Царь вздрогнул — где он, заслон? Кого можно было развернуть, чтобы достойно встретить эту ощетинившуюся копьями массу? Никакого заслона в той стороне не было, кроме нескольких эмуку конницы и лучников резерва, которые должны были выйти на пологую вершину и оттуда обстреливать вражеское войско. Толку от них против ощетинившейся копьями фаланги, хорошо прикрытых доспехами умелых пехотинцев ждать было нечего.
Страшное случилось — халдеи в виду наступления греков дрогнули. Рахим был свидетелем этой картины. Заметив маневр, который начала совершать фаланга он сразу догадался, чем грозит забуксовавшей, потерявшей ударную силу армии атака наемников. Может, и не сразу догадался, сначала почувствовал холод в груди и страстное желание дать деру, иначе в той кровавой круговерти, которая должна была начаться здесь, когда наемники переберутся через овраг, не выжить. Лично он, Рахим, окажется в окружении. Потом взял себя в руки и трезво представил, что будет твориться в пустыне, когда начнется паника. Тем более, что дело еще не проиграно, философам еще надо через овраг перебраться. Стоило только стоявшей впереди эмуку лучников дать прицельный залп по сбившимся в кучу грекам, и… Но что это? Лучники подались назад, смешала ряды. Самые трусливые бросились в сторону обоза.
Рахим бросил свой кисир и бросился наперерез бегущим. Закричал.

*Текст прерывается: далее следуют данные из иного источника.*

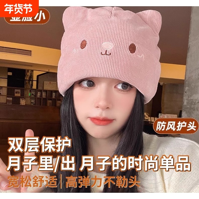 帽子女款2024产后春秋季孕妇新款月子帽可爱女士包头防风冷帽可戴
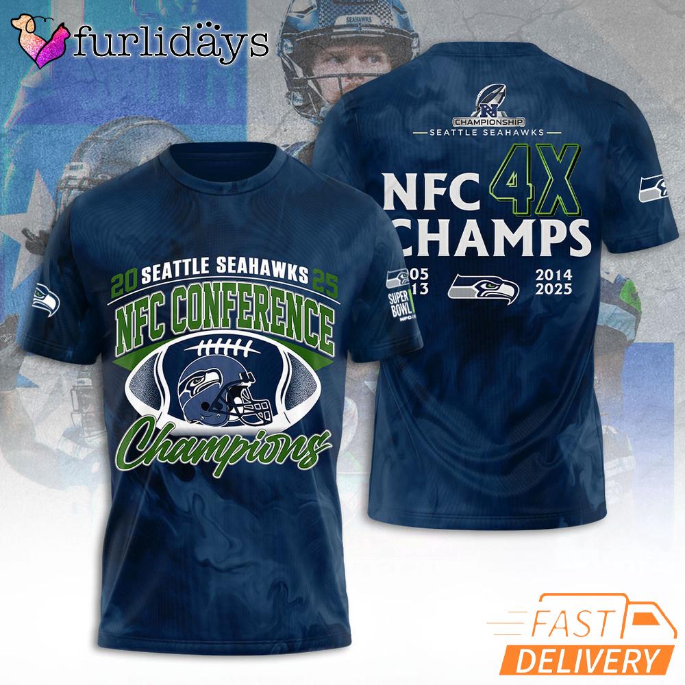 Seattle Seahawks NFC Conference Champs 4X Legacy Graphic 2026 Fan T Shirt Show your loyalty and championship pride with this Seattle Seahawks Super Bowl 2026 fan gear, designed for true NFL supporters who live for game day moments. As the Seahawks return to the biggest stage in football, this season marks another historic chapter for one of the most competitive franchises in NFL history. Known for their passionate fan base and relentless playing style, the Seahawks continue to represent strength, energy, and winning tradition.
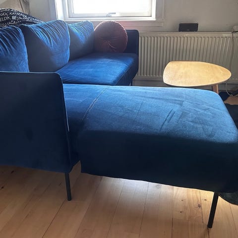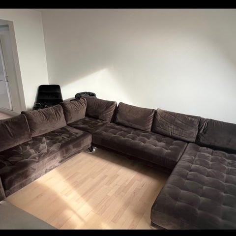 Flot hjørnesofa i sort velour. Sofaen har ikke sidde mærker eller huller i stoffet. Den har lidt sol blegning, derfor prisen .
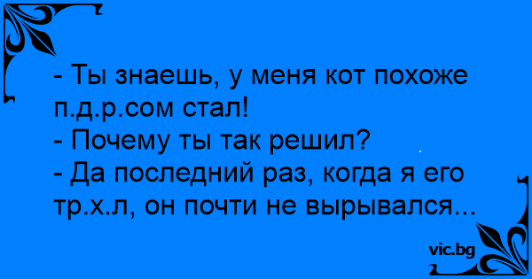 - Ты знаешь, у меня кот похоже п.д.р.сом стал!
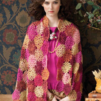 Noro 1321 Chrysanthemum Shawl is crocheted with Silk Garden Lite into circular motifs by starting each motif at a different point in the color sequence results in a distinct variety of colors. This lovely accessory is perfect to wear on cool summer nights and sunny autumn days. Silk Garden Lite is the yarn for you. This yarn will knit into beautiful garments compliments of Noro's hand-dyed process and self-striping. The motif is charted and written out.
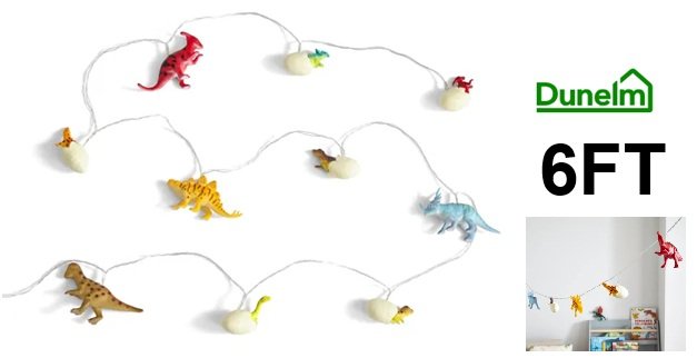 Dunelm 10 Roar Dinosaur LED string lights- 6Ft- assorted colours

— Стоять! Стоять! — и для устрашения резко поддел голову одного из воинов мечом. Она подскочила на плечах и, описав дугу, упала в пыль, сразу сдобрив ее густой струей крови.
— Стоять!!
Чуть подальше от него в толпу врезался Нериглиссар, принялся копьем наводить порядок.
— Стоять! Стоять!
Воины начали останавливаться. Блеск разбрызгивающего кровь меча, которым Рахим отчаянно крутил в воздухе, вразумил солдат. Тут еще охрана Нериглиссара встретила их, выставив копья.
— За мной!.. — заорал Рахим и поскакал на прежнюю позицию, возвышавшуюся на оврагом, к прилегающему к вавилонянам склону которого уже подходили первые ряды наемников. Свистнула стрела, он нырнул под брюхо коня и едва успел соскочить на землю. Кобыла, получив три стрелы в шею, вся в крови, встала на дыбы, отчаянно заржала. Прикрываясь щитом, Рахим принялся выстраивать лучников и щитоносцев.
— Вы, дети чумы! А ну, стрелять, как должны стрелять молодцы из Аккада.
Выстроив боевую линию, он принялся, ударяя по щиту, наводить темп стрельбы. Кто-то из спутников Нериглиссара тоже попытался загреметь щитом, однако начальник конницы вмиг осадил наглеца и во весь голос заорал.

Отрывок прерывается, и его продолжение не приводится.